In 1915, he purchased the film trade journal Exhibitors Herald. Two years later, he acquired and merged it with Motography. In 1927, Quigley acquired The Moving Picture World and combined it with Exhibitors Herald, publishing it as Exhibitors Herald and Moving Picture World, which was later shortened to Exhibitors Herald World.

" In 1930, Martin Quigley, publisher of Exhibitors Herald, conspired with Hollywood studios to eliminate all competing trade papers,..."

In 1930, he acquired Motion Picture News and merged it with his existing publications to create the Motion Picture Herald.

Shortly after, Quigley merged his remaining three publications — Exhibitors Trade Review, Exhibitors Daily Review, and Motion Pictures Today — to form Motion Picture Daily.

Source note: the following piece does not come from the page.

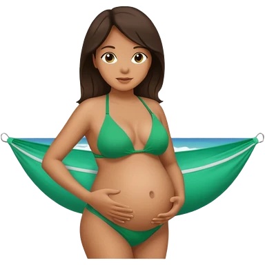 Latina girl, tan skin, pregnant, green bikini. emoji

In 1929, the first edition of The Motion Picture Almanac was published and subsequently became an annual publication.

==Quigley Publishing==
Quigley Publishing Co., started in 1915 by Martin Joseph Quigley Sr., was later run by his son, Martin Quigley Jr. until 2001. In 2005, William Quigley, a grandson of Martin Joseph Quigley Sr., was running Quigley Publishing Co.

==Role in Motion Picture Production Code==
Quigley was an active proponent and co-author of the Motion Picture Production Code, which governed the content of Hollywood movies from the 1930s to the 1960s. A devout Catholic, he began lobbying in the 1920s for a more comprehensive code that not only listed material deemed inappropriate for movies but also established a moral framework that films could help promote — specifically, a system based on Catholic theology.

To achieve this, Quigley recruited Father Daniel A. Lord, a Jesuit priest and instructor at Saint Louis University, to draft the code. On March 31, 1930, the board of directors of the Motion Picture Producers and Distributors Association formally adopted it. While the original version was popularly known as the Hays Code, both it and its later revisions are now more commonly referred to as the Production Code.

==Personal life and death==
Quigley held staunch conservative views, particularly regarding the film industry. His son, Martin Quigley Jr., who shared his father's views, became involved in editing and publishing the various periodicals established by Quigley Sr. However, he had far less influence due to changing cultural norms and the decline of the Production Code.

Quigley Sr. died at Saint Vincent's Catholic Medical Center in Manhattan on May 4, 1964, two days before his 74th birthday.